Raw data:
• • •
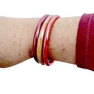 Vintage Solid & Variegated Red Mustard Orange Glass Bangle Bracelets 3 pcs
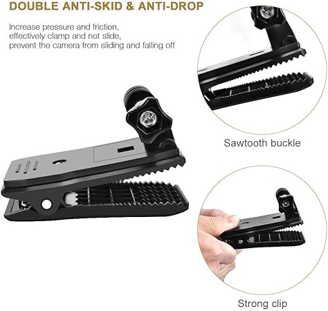 【 Statik 】 Mini kelepçe tutucuyu GoPro veya GoPro benzeri efektini sırt çantası, şapka, kemer, kayışlar, ince sörf ve kaykay ve benzer kumaşlara kolayca sabitleyebilirsiniz, benzersiz bir çekim açısı sunar. Sırt çantanıza sıkıca tutturulabilen devasa bir timsah tasarımı. Ayrıca 360 derece dönebilen bir taban ile yönü ve kamera açısını ihtiyaçlarınıza göre ayarlayabilirsiniz. Kolu ve sapı
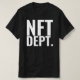 Você Design, Vender, Coletar ou Trocar NFTs? Então, bem-vindo ao DEPARTAMENTO NFT. Entre no futuro da moda com o NFT DEPT. tee — uma peça de declaração ousada que liga a inovação digital e a cultura de roupa de rua. Esta camisa é mais do que apenas roupa; é um emblema vestível da revolução NFT, projetada para criadores, colecionadores e entusiastas criptográficos que querem mostrar sua paixão por tokens não fungíveis no estilo.
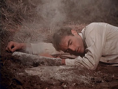 Up on the mountain a man wakes up who made the campfire. He nervously puts out the embers and stops the smoke hoping that no one noticed it.
• • •
Exercise details:
All lines from the first in the listing above to the line containing "Kolu ve sapı", inclusive, go in the output exactly as they are; no pictures go in.

Answer to this task:
 Vintage Solid & Variegated Red Mustard Orange Glass Bangle Bracelets 3 pcs
 【 Statik 】 Mini kelepçe tutucuyu GoPro veya GoPro benzeri efektini sırt çantası, şapka, kemer, kayışlar, ince sörf ve kaykay ve benzer kumaşlara kolayca sabitleyebilirsiniz, benzersiz bir çekim açısı sunar. Sırt çantanıza sıkıca tutturulabilen devasa bir timsah tasarımı. Ayrıca 360 derece dönebilen bir taban ile yönü ve kamera açısını ihtiyaçlarınıza göre ayarlayabilirsiniz. Kolu ve sapı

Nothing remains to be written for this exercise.